For more information, and to obtain a look at highlights from this month’s report, visit http://www.clayton.com.




“It’s fraud [that is] now coming home to roost…” but who is responsible for the fraud?
Ultimately, the lenders had their hands on the spigot controlling the cash flow. So to suggest it was all the borrowers’ fault is just irresponsible not to mention creepy. Would you want to borrow money from a company that isn’t interested in verifying income? No, because it suggests their standards are too loose. And if their standards are too loose loaning money, just imagine what a nightmare the rest of the organization is.
Aren’t you ignoring the loan payment jumps that are due to the growing loan balance exceeding the threshold (typically 110%-115%) of the original loan amount?
For those paying well below the interest value the loan balance could easily grow at 4-6% per year, converting to fully a fully amortised loan well before the calendar reset date.
Would you want borrow money from a company that isn’t interested in verifying income?
Absolutely not, nor did I — not that my refusal to do so stopped millions of others from imagining what a large bonus check might look like and then claiming it as actual income.
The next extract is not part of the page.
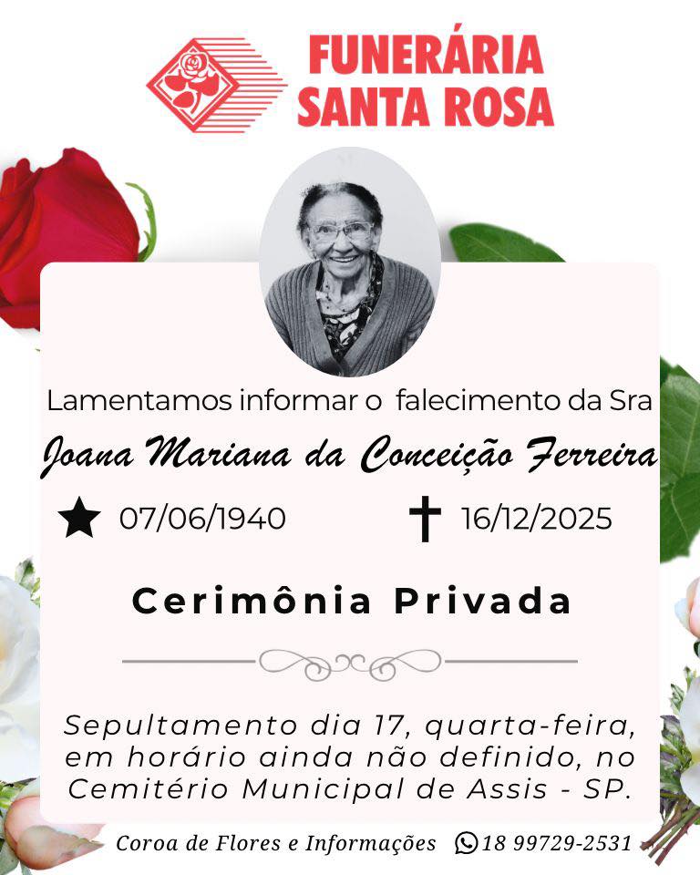 No período da tarde, às 16 horas, será sepultada Joana Mariana da Conceição Ferreira, de 85 anos, que está sendo velada na própria residência.
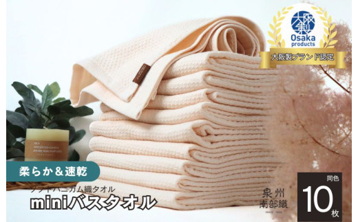 【ソフトハニカム】泉州南部織 ミニバスタオル 10枚(ベージュ)+ソフトハニ...

Because, you know, it could happen.
Which is my way of saying that you’re absolutely correct. The borrowers had nothing to do with this. It’s entirely those mean, heartless lenders that did this. What was I thinking?
Read this: http://www.housingwire.com/2007/11/28/finding-fraud-fitch-to-overhaul-ratings-process-will-review-originators-and-issuers/
J -
I don’t know if the above covers option ARMs, which is what I think you are referring to with your reference to recapitalization. I’ve seen other charts covering that loan class, so I’m inclined to think this chart does not. But I could be wrong.
Nonetheless, much of what I’m seeing in the press tends to allude to stated-income ARMs, which is primarily what I was trying to get at.
re: “Aren’t you ignoring the loan payment jumps that are due to the growing loan balance exceeding the threshold (typically 110%-115%) of the original loan amount?”
Unless rates take a significant swing upwards, most option ARMs will recast at the statutory 10 year period - not because of hitting the negam cap. So we still have another 5 years until the bulk of those loans hit the recast payment shock. While most (85-90%) option arms have a current UPB above the orignal loan amount, at least based on the forward MTA rates the rate of increase of the negam should be rather slow.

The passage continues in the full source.